# Generating Hamiltonian Cycles in Rectangular Grid Graphs

Apr 26, 2017 · 4 min read

A couple of days ago, I stumbled upon this tweet by Benjamin Dale, along with the reply by Jerry Vishnevsky:

I was immediately fascinated by Jerry’s question. At a first glance, the answer seemed obvious to me, but after reflecting upon it, I realized that I had only answered the question partially. This post is an attempt at writing these thoughts down to explain my ideas to others (and also kind of to myself).

We start by looking at Benjamin’s tweet. He gives us a hint about his algorithm, namely, that he uses a modified version of Prim’s Algorithm. Prim’s Algorithm allows us to efficiently find the MST, the minimum spanning tree, of a graph. Looking at these glyphs, we see that they can all be represented as trees on a rectangular grid.

To generate one of these glyphs, we therefore just start with a rectangular grid graph with random weights and take the MST. Now we just have to choose grid sizes that give us aesthetically pleasing results.

Studying Jerry’s question, we might think that this is a completely different problem. After all, he isn’t asking for a tree, but rather for a Hamiltonian cycle on a grid graph. And yet there is a connection. While it might not be obvious from looking at the graph theory terms, one can get an idea of how to go from one to the other by looking at the pictures Jerry includes in his tweet.

We notice that we can just take the outline of such a tree and we will always get a Hamiltonian cycle on a rectangular grid graph, we just have to double the grid resolution and shift it by half a step in both axes (assuming that we draw the tree with a line width of half the grid width).

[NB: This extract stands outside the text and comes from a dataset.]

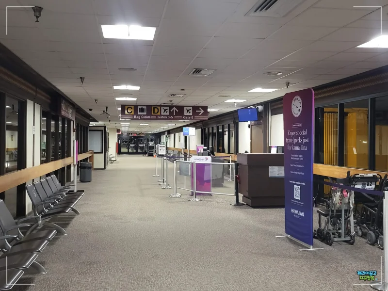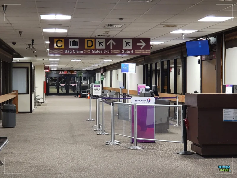 힐로 공항의 렌터카 반납은 단층 주차장 구조로 매우 직관적이고 편리합니다. 공항 규모가 작고 보안 검색이 빠르기 때문에 1시간 반 전 도착은 다소 이를 수 있으며, 탑승 40~50분 전 도착을 권장합니다. 편의시설이 부족하므로 대기 시간 관리에 유의하시기 바랍니다.

This is a nice property, but it seems to be almost too simple. As it turns out, it does indeed generate only a subset of the possible solutions. In other words, there are some cycles on the grid that we can never generate with this method.

Some of you will have noticed, that, when we doubled the grid resolution, we automatically limited ourselves to grids of the resolution 2n*2m (this means that the grid resolution is even in both axes). Now I have nothing against the cycles that we get by taking the outlines of trees, but it would be nice to have access to all the cycles.

But if you’ve been studying graph algorithms, there is probably an alarm that went off in your head when I mentioned Hamiltonian cycles. “DANGER! SOME NASTY NP-COMPLETE STUFF COMING UP!”. Worry not, for we are not dealing with general graphs (for which finding Hamiltonian cycles is indeed an NP-complete problem). There is actually a very simple solution to finding Hamiltonian cycles in grid graphs.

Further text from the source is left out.